3 minute read
LeSiciliane n 66
Salvatore Resca (parroco)
Questo strano 2020 (speriamo che passi presto) ci costringe a cambiare le nostre abitudini. Ci ha costretto a fare Pasqua “con i tuoi”. A Natale non sappiamo ancora come andrà a finire!
Advertisement
Siamo giustamente preoccupati per i guai economici che la pandemia ha prodotto e che continuerà a produrre nel nostro paese e nel mondo; se c’è gente che col COVID ci sta guadagnando, ci sono tanti, forse la maggior parte, che ci ta perdendo; siamo addolorati per la perdita di persone che la malattia ha portato via, abbiamo paura che tocchi anche a noi o ai nostri cari… Ma questa esperienza potrebbe diventare una straordinaria occasione di riflessione, di rientro in se stessi, di valutazione più matura e cosciente della realtà che ci circonda.
Abbiamo l’opportunità di vivere un Natale più sobrio, più essenziale, più cristiano, un Natale con la “N” maiuscola, un Natale che come diceva qualche giorno fa papa Francesco ci costringe a chiederci non: “Che cosa posso comprare? Dove posso andare? Cosa dobbiamo mangiare? Cosa posso avere di più? Ma: Che cosa posso dare agli altri, per essere come Gesù che ha dato se stesso, nato com’è in quel presepio”?
Attenzione! Non si vuole demonizzare gli aspetti belli, umani, folkloristici, gioiosi, tradizionali del Natale, ma per riempirli di significato, per riscoprirli quando sarà possibile più validi, più intensi, e, soprattutto, almeno per noi cristiani, maggiormente legati alla sostanza non all’apparenza delle cose. È questa la posizione equilibrata con cui il cristiano guarda la realtà.
Purtroppo ci sono anche degli atteggiamenti squilibrati.
Qualcuno ha detto che l’epidemia è un “castigo di Dio”.
Ma non scherziamo con le cose serie!
È circolata qualche giorno fa la notizia che un certo Irvin Baxter, settantacinquenne, pastore evangelico americano, dopo essere risultato positivo al COVID, è stato ricoverato in ospedale ed è morto nel giro di una settimana. Il suo caso ha scosso gli Stati Uniti soprattutto perché in precedenza il pastore aveva parlato del Coronavirus come “punizione divina” dei peccati sessuali.
Esistono ancora dei cristiani che credono in un Dio che si diverte a punire e a far morire la gente.
Ma in casa nostra c’è anche di peggio! C’è Radio Maria.

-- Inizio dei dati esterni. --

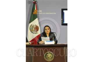 MÉXICO, D.F., 22AGOSTO2012.- Alejandra Sota, vocera de la Presidencia de la República, ofreció una conferencia de prensa en respuesta a las conversaciones dadas a conocer por Joaquín Vargas, presidente del consejo de administración de la empresa, la funcionaria dijo que el gobierno federal nunca trató de limitar la libertad de expresión de Carmen Aristegui. Sota afirmó que Joaquín Vargas fue el responsable de solicitar la renuncia de la periodista Carmen Aristegui, y que el diferendo por la banda 2.5 gigahertz se basa únicamente en que el empresario no quiere pagar los 27 mil millones de pesos. FOTO: IVÁN MENDEZ /CUARTOSCURO.COM

“La pandemia di coronavirus è effetto di un complotto mondiale delle elites per conquistare, sotto l'impulso di Satana, il mondo entro il 2021.[…] Questa epidemia è un progetto che io ho sempre attribuito al demonio che agisce attraverso menti criminali che l'hanno realizzato con uno scopo ben preciso: creare un passaggio repentino, dopo la preparazione ideologica, politica e mass mediatica, per un colpo di Stato sanitario”. Obiettivo: quello di "costruire un mondo nuovo senza Dio. Il mondo di Satana. Dove saremmo tutti degli zombie.È un progetto, non una cosa campata per aria. Vorrebbero realizzarlo entro il 2021, a mio parere".
Questo è ciò che sostiene, parlando dai microfoni della sua emittente, il direttore di Radio Maria, don Livio Fanzaga.
Cristo non nascerà nella notte del 25 dicembre. Ci sono polemiche sulla messa di Natale. A mezzanotte o alle nove? Qualche giornale ha addirittura parlato di “nascita prematura”. Stiamo diventando scemi! Cristo non nascerà la notte del 25 dicembre. Cristo è nato 2000 anni fa è morto ed è risorto. È poi partito. Noi celebreremo il Natale, non importa a che ora, perché siamo felici che la sua presenza è affidata al nostro essere svegli, Tutto il resto sarà anche bello, commovente, natalizio. Ma, nella migliore delle ipotesi è poesia, sentimento, folklore. Nella peggiore potrebbe diventare dissacrazione, consumismo, banalizzazione, addirittura, in qualche caso, negazione dello stesso Natale cristiano.
Ecco perché non dobbiamo lasciarci prendere dallo sconforto. Il COVID sta togliendo la vita a tante persone, sta cambiando le nostre abitudini, sta sconvolgendo la nostra vita. Questo certamente ci colpisce, ci dispiace, ci impaurisce. Ma uno dei danni più gravi potrebbe essere quello di intristirci, di scoraggiarci, di farci chiudere in noi stessi, di convincerci che se dobbiamo impegnarci per il Regno di Dio possiamo farlo solo nei momenti belli e facili della storia, mentre invece dobbiamo farlo con gioia anche nei momenti più difficili.